[Items listed in a dataset]
- - - -

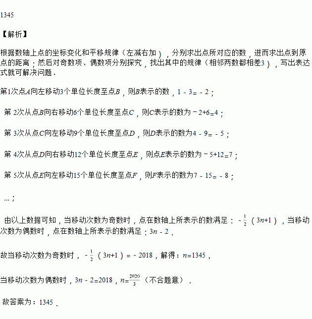 如图,A点的初始位置位于数轴上表示1的点,现对A点做如下移动:第1次向左移动3个单位长度至B点,第2次从B点向右移动6个单位长度至C点,第3次从C点向左移动9个单位长度至D点,第4次从D点向右移动12个单位长度至E点,…,依此类推.这样第_____次移动到的点到原点的距离为2018.
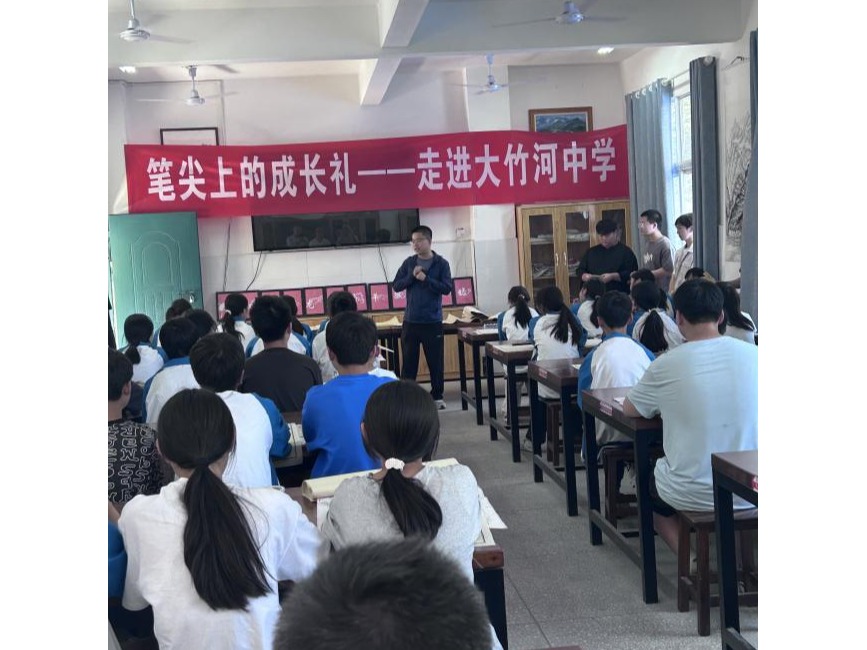 6月16日,我院书法教研室副主任郭岩、专业教师陆峰偕9名学生走进万源市大竹河中学,开展中小学书法浸润活动。
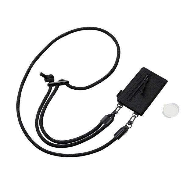 エレコム スマホショルダーストラップ カードケース付き 丸紐6mm ブラック
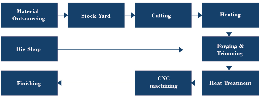 從材料進廠到成品出貨的一貫製程是我們的最大優勢,而鍛造是安大科技主要製造流程和核心技術,我們的鍛造製程包括傳統的冷鍛、熱鍛和多軸向的 3D 鍛造。
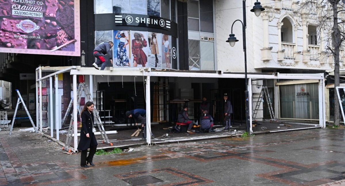 Сопственикот на бутикот „Шејн“ денес започна со отстранување на доградбата на улица „Македонија“.
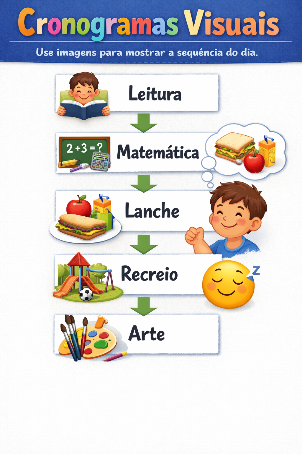 Cronogramas Visuais: Use imagens para mostrar a sequência do dia. Quando o aluno vê que o "Lanche" vem depois da "Matemática", a ansiedade diminui.
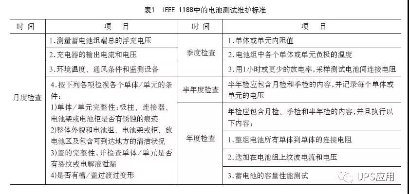 第二個(gè)問題使用維護(hù)的問題,表1為國際電池測試維護(hù)標(biāo)準(zhǔn)。
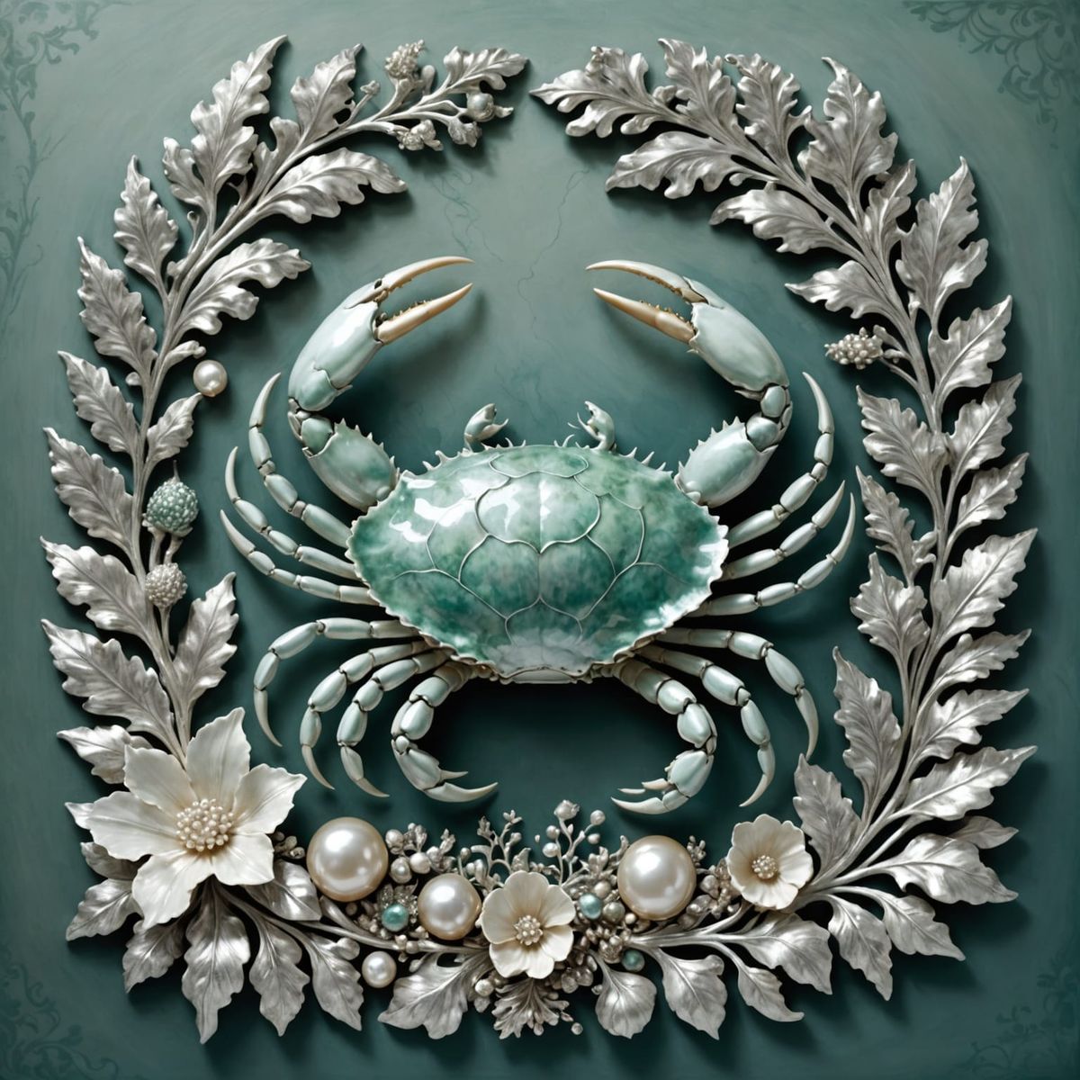 This image depicts a pearlescent crab on silver coral, surrounded by acanthus leaves and shells. The scene blends Rococo and Baroque elements with soft sea-green tones and a lunar shimmer.
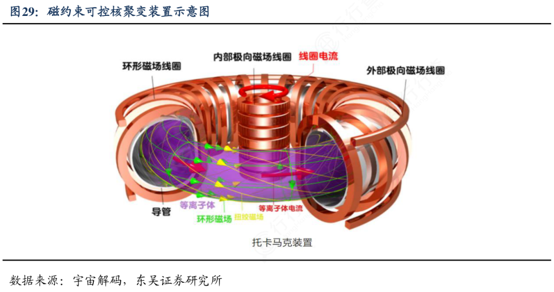 磁约束聚变装置,主要利用磁场对带电粒子的洛伦兹力,将上亿摄氏度的高温等离子体约束在特定空间内,同时实现等离子体的加热与压缩。由于等离子体带电特性,磁场可形成有效的“无形牢笼”,因此磁约束是目前最主流的技术路线,核心装置包括托卡马克装置与仿星器装置。

- - - -

◆ PROBLEM TO SOLVE
Without the pictures, repeat every record above exactly as written.

◆ RESULT FOR THIS EXERCISE
 如图,A点的初始位置位于数轴上表示1的点,现对A点做如下移动:第1次向左移动3个单位长度至B点,第2次从B点向右移动6个单位长度至C点,第3次从C点向左移动9个单位长度至D点,第4次从D点向右移动12个单位长度至E点,…,依此类推.这样第_____次移动到的点到原点的距离为2018.
 6月16日,我院书法教研室副主任郭岩、专业教师陆峰偕9名学生走进万源市大竹河中学,开展中小学书法浸润活动。
 エレコム スマホショルダーストラップ カードケース付き 丸紐6mm ブラック
 從材料進廠到成品出貨的一貫製程是我們的最大優勢,而鍛造是安大科技主要製造流程和核心技術,我們的鍛造製程包括傳統的冷鍛、熱鍛和多軸向的 3D 鍛造。
 Сопственикот на бутикот „Шејн“ денес започна со отстранување на доградбата на улица „Македонија“.
 Cronogramas Visuais: Use imagens para mostrar a sequência do dia. Quando o aluno vê que o "Lanche" vem depois da "Matemática", a ansiedade diminui.
 第二個(gè)問題使用維護(hù)的問題,表1為國際電池測試維護(hù)標(biāo)準(zhǔn)。
 This image depicts a pearlescent crab on silver coral, surrounded by acanthus leaves and shells. The scene blends Rococo and Baroque elements with soft sea-green tones and a lunar shimmer.
 磁约束聚变装置,主要利用磁场对带电粒子的洛伦兹力,将上亿摄氏度的高温等离子体约束在特定空间内,同时实现等离子体的加热与压缩。由于等离子体带电特性,磁场可形成有效的“无形牢笼”,因此磁约束是目前最主流的技术路线,核心装置包括托卡马克装置与仿星器装置。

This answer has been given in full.